I am reading Geisel's tutorial$^{\color{red}{\star}}$ on Reed-Solomon codes, in which it is tested whether the polynomial $f(x) = x^4 + x + 1$ is irreducible. From pages 15 and 16,
As a first step, the polynomial $f(x) = x^4 + x + 1$ is evaluated at 0 (zero). The result is 1. The conclusion is 'Therefore, $(x + 0) = (x – 0)$ is not a factor (0 is not a root)'.
My questions are about this conclusion:
- How can $(x + 0) = (x – 0)$ be derived from the preceding text?
- What is meant by 'a factor' here?
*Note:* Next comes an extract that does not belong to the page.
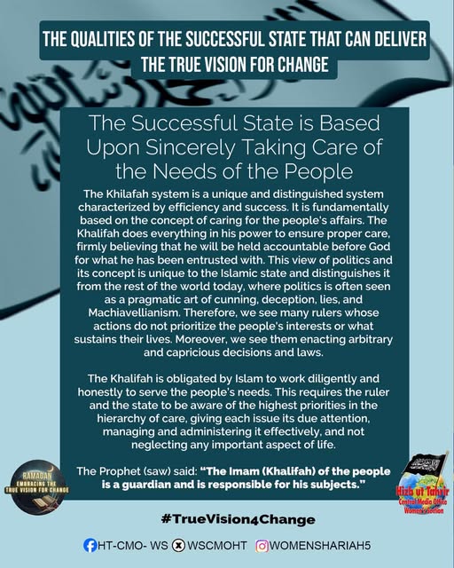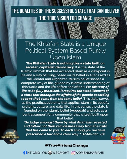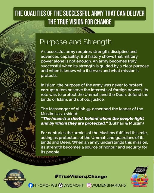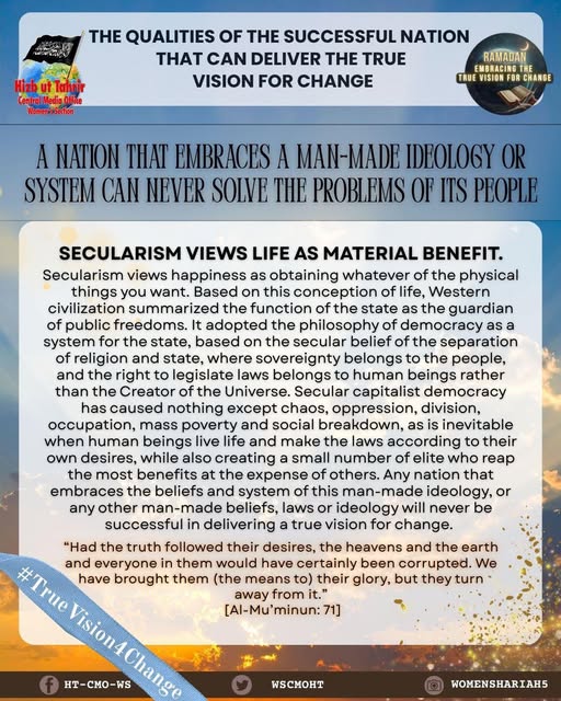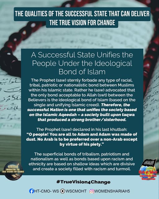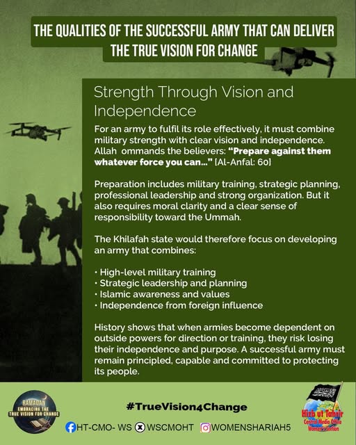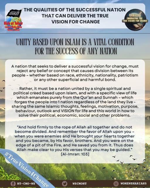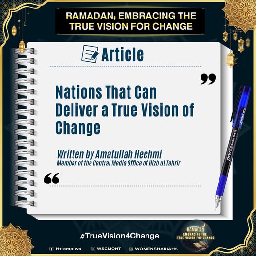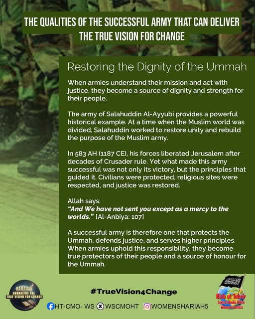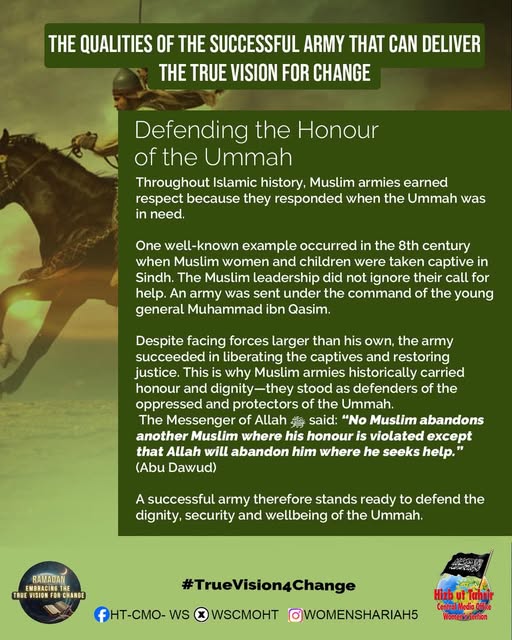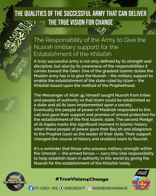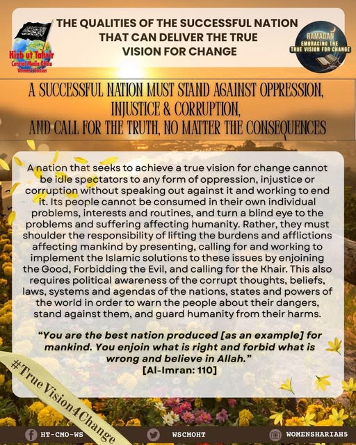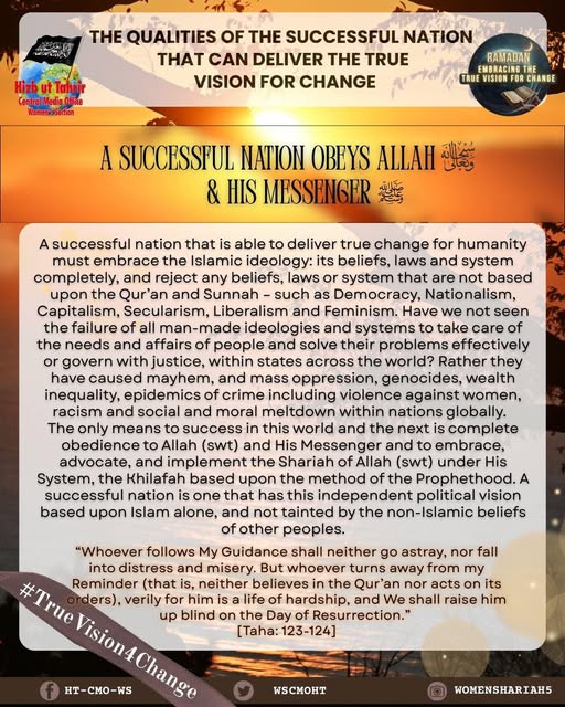 اس بابرکت مہینے میں، حزب التحریر کے مرکزی میڈیا آفس کا خواتین سیکشن اس موضوع پر خطاب کرے گا، جس میں بطور مسلمان، امت اسلامی، ہماری سیاسی جماعتوں، ہماری فوجوں اور ریاستی سطح پر تبدیلی کے اس حقیقی وژن کو حاصل کرنے کے لیے اپنے اندر ضروری خصوصیات اور تبدیلیاں شامل ہیں۔ یہ اس کے حصول کی راہ میں حائل رکاوٹوں اور ان پر قابو پانے کے طریقوں پر بھی بات کرے گا۔
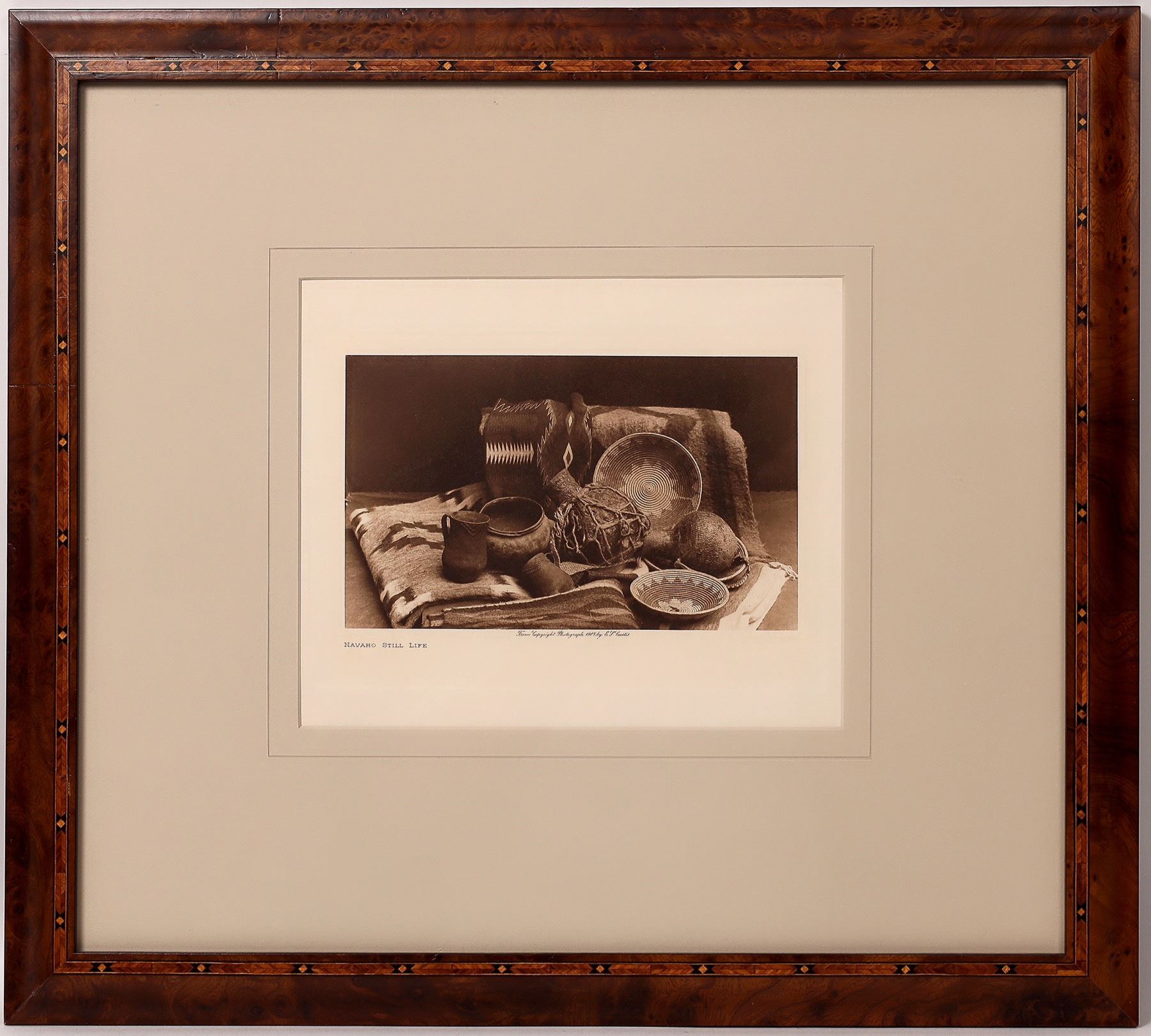 Engraved sepia-tone print titled "Navaho Still Life" by E.S. Curtis. This print was made from an original photograph copyrighted in 1907. Edward S. Curtis was an American photographer and ethnologist who focused on the American West and Native American culture in his work. This print is professionally matted and framed in a burl maple frame. Overall size is about 19.25 x 17.25 inches, very good condition.

A reduced part of the polynomial?
- I understand that 0 (zero) is not a root, a root of a polynomial should result in 0 (zero) when evaluated. Why does this prove that $(x + 0) = (x – 0)$ is not a factor?
- Why does this conclusion eliminate one possible factor of the polynomial?
Hoping for someone patient to answer these questions.
$\color{red}{\star}$ William A. Geisel, Tutorial on Reed-Solomon Error Correction Coding [PDF], NASA Technical Memorandum 102162, NASA, August 1990.
Best Answer
To address your second and fourth bullet points, it is a general fact for a polynomial ring over a field, $F[x]$: If $p(x)\in F[x]$ have root $r$ show that $x-r$ is a factor of $p(x)$ The converse of that statement is easily seen to be true also.
To address your first and third bullet points (the same thing?) when you express a polynomial as the product of two other polynomials, each of the two may be called a factor.
Usually we're interested in the case when the factors have degree 1 or more, so that we've really decomposed the original polynomial into a product.
They repeat the same logic with $1$, demonstrating $(x-1)$ is not a factor off the polynomial either.
At the same time, this establishes the polynomial doesn't have a factor of degree 3 (because the other factor would have to be something like $(x-r)$, and you already eliminated that.)
To show that the polynomial is irreducible, there's only one more case to rule out: the possibility that it's a product of two polynomials of degree $2$.
PS also if it wasn't obvious, since you're working over $GF(2)$, you have that $p=-p$ for every polynomial... that is, addition and subtraction in this ring are the same thing. This explains the sign changes you were apparently asking about.